Mais, si l’on est convenu de reprocher à la doctrine hindoue de mépriser l’action, c’est surtout, d’une façon générale, au sujet du Taoïsme qu’on éprouve le besoin de parler plus expressément encore de « quiétisme », et cela à cause du rôle qu’y joue le « non-agir » (wou-wei), dont les orientalistes ne comprennent nullement la véritable signification, et que certains d’entre eux font synonyme d’« inactivité », de « passivité » et même d’« inertie » (c’est d’ailleurs parce que le principe actif de la manifestation est « non-agissant » qu’ils le prétendent « passif » comme nous le disions plus haut). Il en est pourtant quelques-uns qui se sont rendu compte qu’il y a là une erreur ; mais, ne comprenant pas davantage au fond ce dont il s’agit, et confondant également action et activité, ils se refusent alors à traduire wou-wei par « non-agir », et ils remplacent ce terme par des périphrases plus ou moins vagues et insignifiantes, qui amoindrissent la portée de la doctrine et ne laissent plus rien apercevoir de son sens profond et spécifiquement initiatique.

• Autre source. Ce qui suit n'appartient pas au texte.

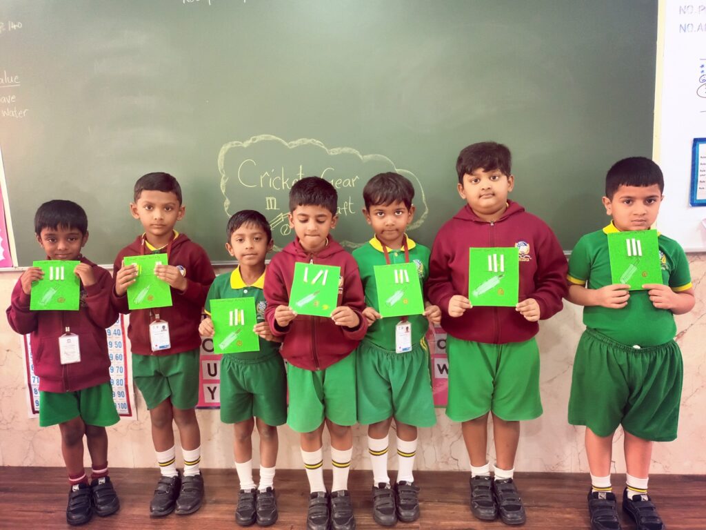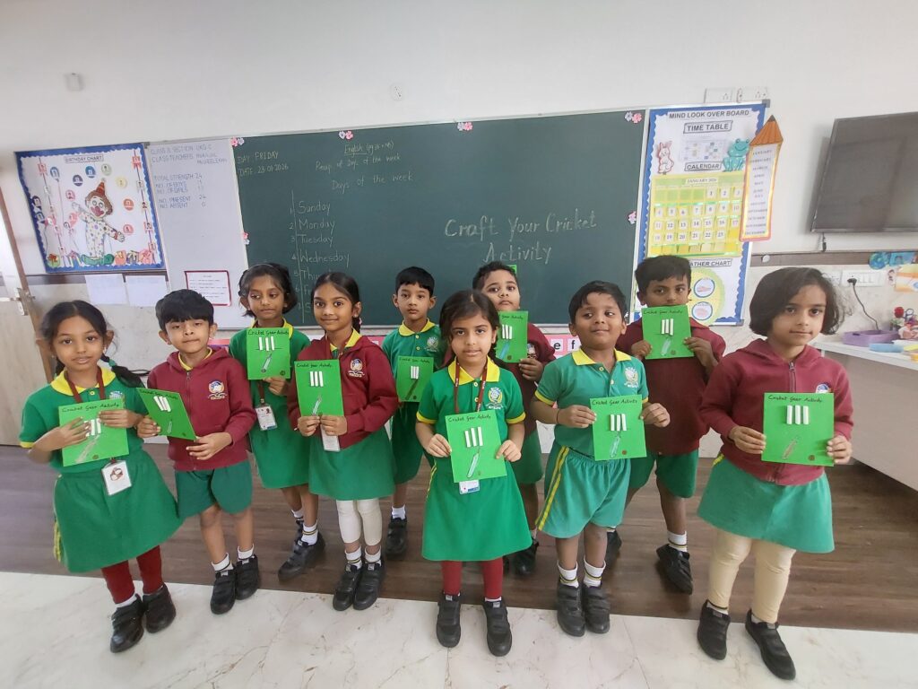 The Craft your Cricket Gear Activity introduced children to the exciting world of cricket. Teachers explained that cricket is an outdoor game played using a bat and ball, along with equipment such as stumps, pads, gloves and helmets. Each child received a green base card, straw pieces, glue and crayons. The children glued the straws to form stumps, drew a bat and ball, and coloured their artwork creatively. Every child completed their craft, which was personalised and taken home as a keepsake.

En réalité, la traduction par « non-agir » est la seule acceptable, mais, à cause de l’incompréhension ordinaire, il convient d’expliquer comment on doit l’entendre : non seulement ce « non-agir » n’est point l’inactivité, mais, suivant ce que nous avons indiqué précédemment, il est au contraire la suprême activité, et cela parce qu’il est aussi loin que possible du domaine de l’action extérieure, et complètement affranchi de toutes les limitations qui sont imposées à celle-ci par sa propre nature ; si le « non-agir » n’était, par définition même, au delà de toutes les oppositions, on pourrait donc dire qu’il est en quelque sorte l’extrême opposé du but que le quiétisme assigne au développement de la spiritualité.

Il va de soi que le « non-agir », ou ce qui lui équivaut dans la partie initiatique des autres traditions, implique, pour celui qui y est parvenu, un parfait détachement à l’égard de l’action extérieure, comme d’ailleurs de toutes les autres choses contingentes, et cela parce qu’un tel être se situe au centre même de la « roue cosmique », tandis que ces choses n’appartiennent qu’à sa circonférence ; si le quiétisme professe de son côté une indifférence qui paraît ressembler à quelques égards à ce détachement, c’est assurément pour de tout autres raisons. De même que des phénomènes similaires peuvent être dus à des causes fort diverses, des façons d’agir (ou, dans certains cas, de s’abstenir d’agir) qui sont extérieurement les mêmes peuvent procéder des intentions les plus différentes ; mais naturellement, pour ceux qui s’en tiennent aux apparences, il peut résulter de là bien des fausses assimilations. Il y a effectivement sous ce rapport certains faits, étranges aux yeux des profanes, qui pourraient être invoqués par eux à l’appui du rapprochement erroné qu’ils veulent établir entre le quiétisme et des traditions d’ordre initiatique ; mais ceci soulève quelques questions qui sont assez intéressantes en elles-mêmes pour mériter que nous leur consacrions spécialement un prochain article.